Monday, August 15, 2011

DVD Review: Here We Are in the Years: Neil Young’s Music Box

Text © Robert Barry Francos/FFanzeen, 2011
Images from the Internet




Here We Are in the Years: Neil Young’s Music Box
Produced and directed by Alex Westbrook
Narrated by Thomas Arnold
Sexy Intellectual
120 minutes, USD $19.95
Chromedream.co.uk
MVDvisual.com


I can’t remember now, as it’s been years, if I read it or some musician told me directly that when someone wants to interview him/her, first the reporter gets asked what they think of Neil Young. If the potential interviewer is not a fan, the Q&A doesn’t happen because obviously they are just not knowledgeable, or cool enough.

To be honest, before the mid-1980s, I would not have been on the interviewer list. All I knew of Young, essentially, was Crosby, Stills, Nash & Young, and I put them in the same category of boring as Kansas, Rush, and any of those other guitar-meandering Classic Rockers. Hey, I was a punk, and I liked my music short and brash, with some exceptions (usually produced by Phil Spector, Brian Wilson or George Martin). Then someone at work gave me a copy of CSNY’s Greatest Hits. While I still found the first couple of songs meh, starting with “Teach Your Children,” I found that I selectively liked them. Of course, from there, the trail led to Buffalo Springfield and Crazy Horse, and I found myself a Young fan. It’s true, rust never sleeps.

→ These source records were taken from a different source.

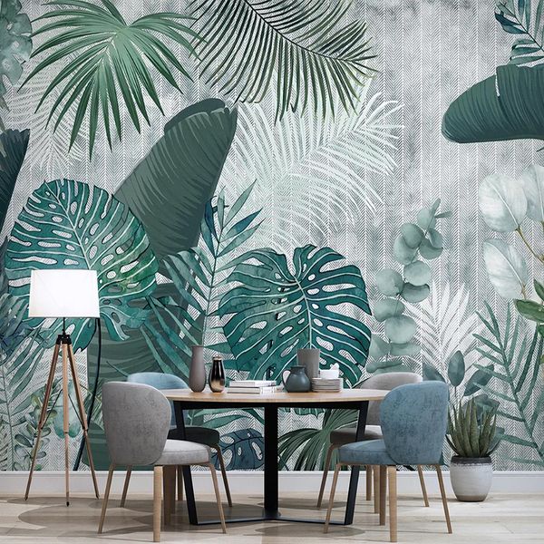 Custom Photo Wall Paper 3d Nordic Hand Painted Tropical Plant
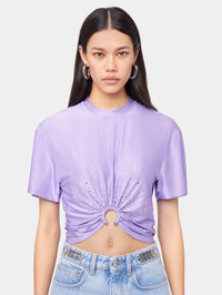 - Color: Lavender - Crew neck - Short sleeves - Signature piercing and hotfix details on the tee-shirt DETAILS - Composition: 90% Viscose, 10% Elastane - Made in Portugal - Model's height: 180 cm / 5ft 11in - Model wears a size FR 36 / UK 8 / US 4 - This style is true-to-size - We recommend your usual size.
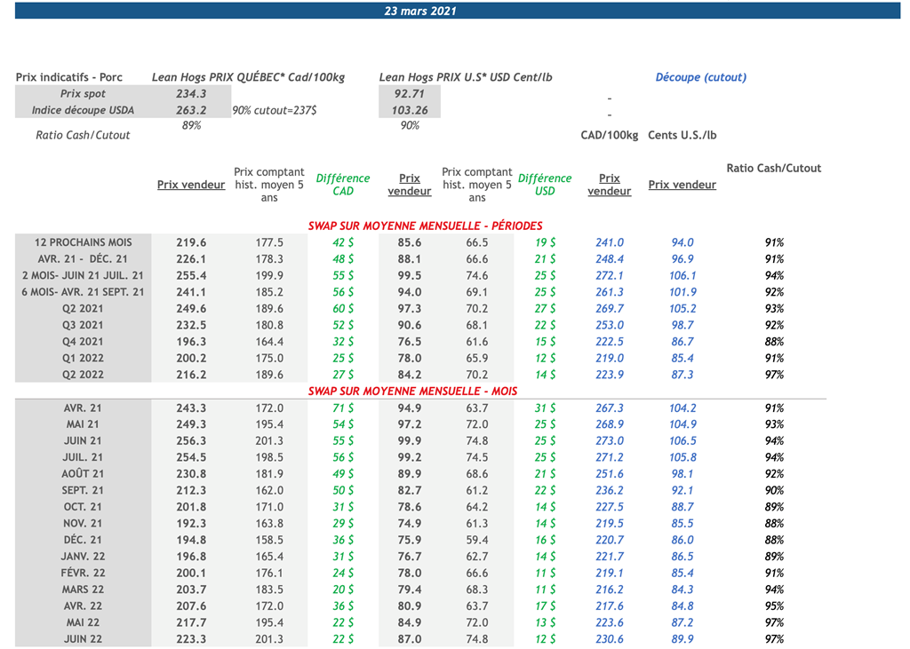 • 25 mars : USDA — Rapport trimestriel Hogs and Pigs (T1)
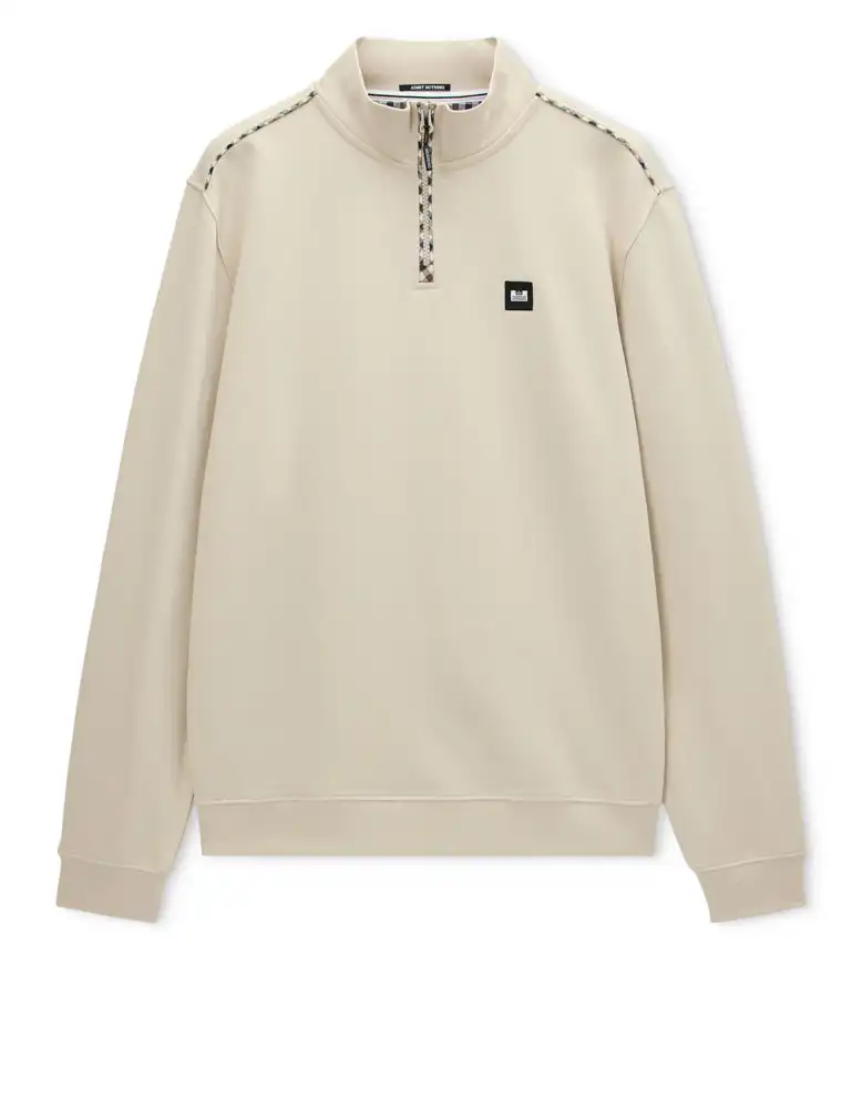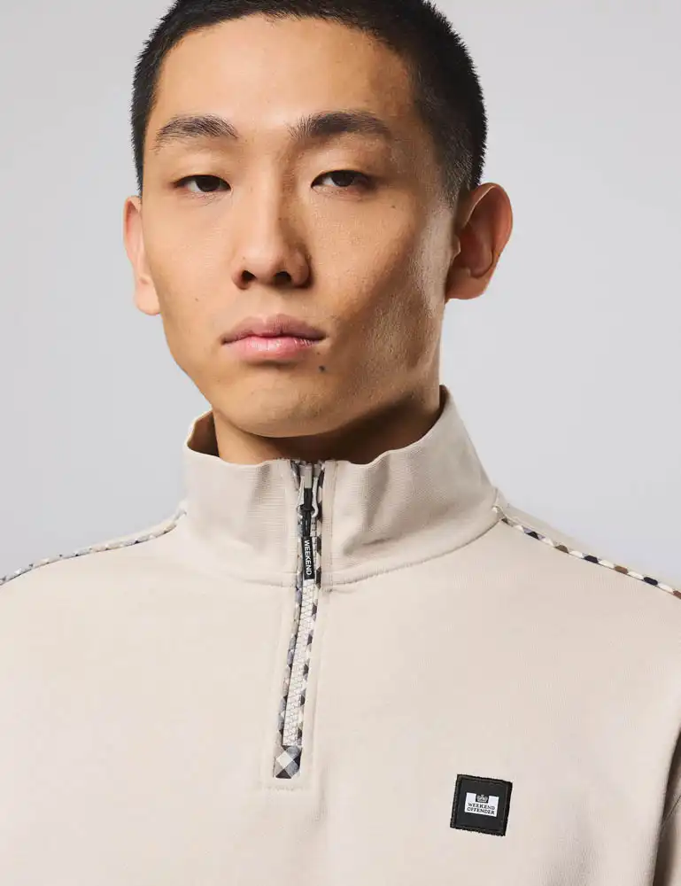 The Matisa sweater from Weekend Offender is a perfect casual mid-layer. Crafted in brushback fleece cotton it features a Quarter-zip funnel neck and woven check trims to the shoulders.

To the casual listener, Neil Young may seem like an auteur, but the man has been changing to different styles and genres every decade or so, along the lines of a Frank Zappa, the Who to some extent, or, if you’ll pardon the connection, Madonna. His career has been multi-faceted, to say the least, and this British documentary is out to show his path.

From Toronto, Neil Young (not to be confused with Yonge St.) was born in 1945, being just the right age of around 10 at the birth of rock and roll. Clips of Chuck, Little R and Elvis (singing “Tutti Frutti”!) are used as examples of what Young was seeing. But it was Roy Orbison’s pure vocals and style that touched Young. Later Young would write “The Birds,” which has an Orbison-esque tone, and contains the lyrics, “It’s over / It’s over.”

Having moved to Winnipeg when he was 16, he started being influenced by the surf instrumentals of the likes of the Ventures, Link Wray, and the Tornados, as he became more and more obsessed with the guitar. Around this time, he started his first band, the Squires. And then Mersey Beat hit. Being Canadian, he probably had better access to the early British sounds than those in the US, and like everyone else, he drawn into the new variations, especially the double guitar attack of The Stones’ Brian Jones and Keef.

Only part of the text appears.